- **What to produce**
Only the text should come through, so restate the listing exactly and drop its images.

- **Dataset excerpt**
Content starts

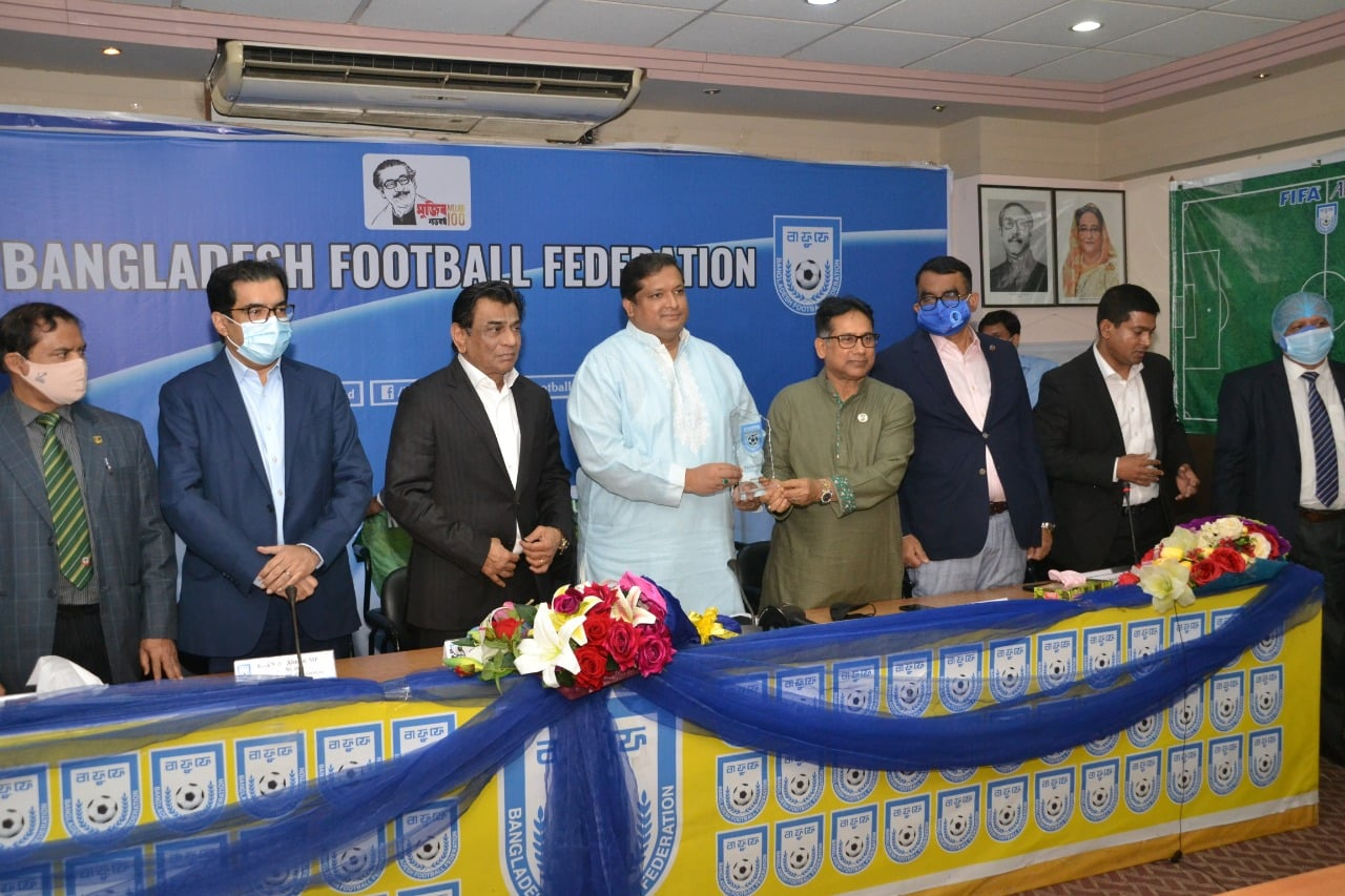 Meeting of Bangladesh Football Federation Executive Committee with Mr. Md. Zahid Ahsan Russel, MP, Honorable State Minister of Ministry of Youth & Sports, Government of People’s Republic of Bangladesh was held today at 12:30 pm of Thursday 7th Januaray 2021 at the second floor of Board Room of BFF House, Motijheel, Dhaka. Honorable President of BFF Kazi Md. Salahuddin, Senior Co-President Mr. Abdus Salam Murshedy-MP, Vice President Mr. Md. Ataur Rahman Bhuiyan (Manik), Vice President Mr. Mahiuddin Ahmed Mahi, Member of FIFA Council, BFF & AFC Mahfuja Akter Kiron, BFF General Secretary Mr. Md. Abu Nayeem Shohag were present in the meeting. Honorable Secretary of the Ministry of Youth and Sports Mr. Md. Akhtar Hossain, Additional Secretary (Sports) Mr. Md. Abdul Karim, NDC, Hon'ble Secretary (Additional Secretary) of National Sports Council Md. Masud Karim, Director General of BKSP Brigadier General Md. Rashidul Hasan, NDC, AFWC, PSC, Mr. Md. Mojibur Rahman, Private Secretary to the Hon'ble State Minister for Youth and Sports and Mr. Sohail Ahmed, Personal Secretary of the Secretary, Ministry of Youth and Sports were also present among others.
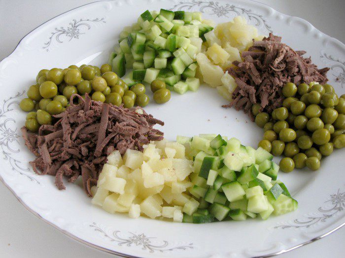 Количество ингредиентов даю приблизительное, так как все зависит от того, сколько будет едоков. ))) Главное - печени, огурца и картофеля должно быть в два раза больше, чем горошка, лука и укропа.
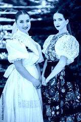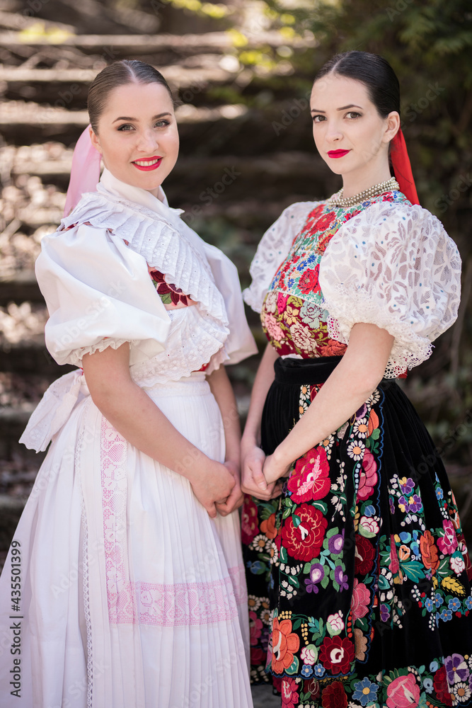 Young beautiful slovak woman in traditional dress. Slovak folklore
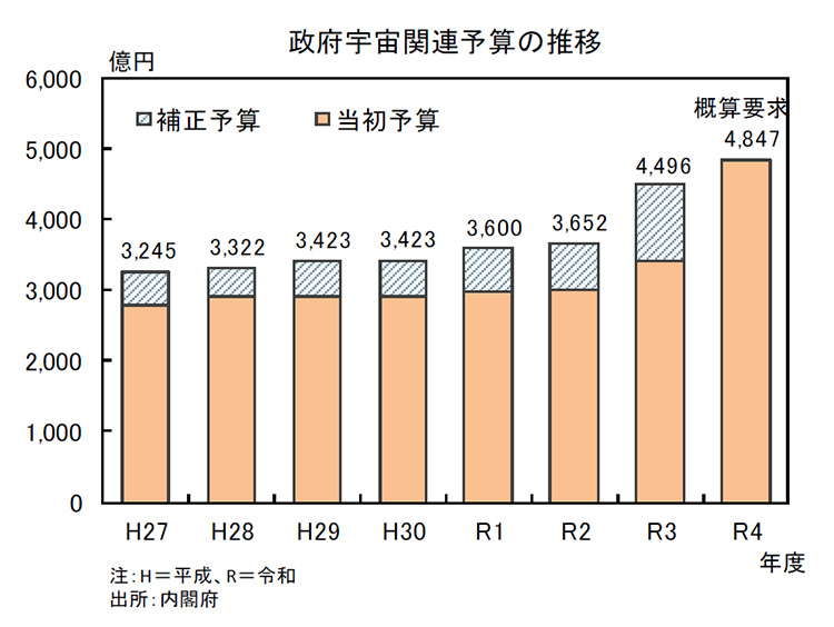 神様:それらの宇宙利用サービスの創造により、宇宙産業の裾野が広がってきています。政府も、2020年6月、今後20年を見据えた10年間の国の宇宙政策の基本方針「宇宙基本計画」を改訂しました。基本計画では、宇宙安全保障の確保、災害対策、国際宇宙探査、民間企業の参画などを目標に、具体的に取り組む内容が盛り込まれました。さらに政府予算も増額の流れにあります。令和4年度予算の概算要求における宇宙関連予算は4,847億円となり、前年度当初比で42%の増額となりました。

Content ends

- **Finished task**
 Meeting of Bangladesh Football Federation Executive Committee with Mr. Md. Zahid Ahsan Russel, MP, Honorable State Minister of Ministry of Youth & Sports, Government of People’s Republic of Bangladesh was held today at 12:30 pm of Thursday 7th Januaray 2021 at the second floor of Board Room of BFF House, Motijheel, Dhaka. Honorable President of BFF Kazi Md. Salahuddin, Senior Co-President Mr. Abdus Salam Murshedy-MP, Vice President Mr. Md. Ataur Rahman Bhuiyan (Manik), Vice President Mr. Mahiuddin Ahmed Mahi, Member of FIFA Council, BFF & AFC Mahfuja Akter Kiron, BFF General Secretary Mr. Md. Abu Nayeem Shohag were present in the meeting. Honorable Secretary of the Ministry of Youth and Sports Mr. Md. Akhtar Hossain, Additional Secretary (Sports) Mr. Md. Abdul Karim, NDC, Hon'ble Secretary (Additional Secretary) of National Sports Council Md. Masud Karim, Director General of BKSP Brigadier General Md. Rashidul Hasan, NDC, AFWC, PSC, Mr. Md. Mojibur Rahman, Private Secretary to the Hon'ble State Minister for Youth and Sports and Mr. Sohail Ahmed, Personal Secretary of the Secretary, Ministry of Youth and Sports were also present among others.
 Количество ингредиентов даю приблизительное, так как все зависит от того, сколько будет едоков. ))) Главное - печени, огурца и картофеля должно быть в два раза больше, чем горошка, лука и укропа.
 Young beautiful slovak woman in traditional dress. Slovak folklore
 神様:それらの宇宙利用サービスの創造により、宇宙産業の裾野が広がってきています。政府も、2020年6月、今後20年を見据えた10年間の国の宇宙政策の基本方針「宇宙基本計画」を改訂しました。基本計画では、宇宙安全保障の確保、災害対策、国際宇宙探査、民間企業の参画などを目標に、具体的に取り組む内容が盛り込まれました。さらに政府予算も増額の流れにあります。令和4年度予算の概算要求における宇宙関連予算は4,847億円となり、前年度当初比で42%の増額となりました。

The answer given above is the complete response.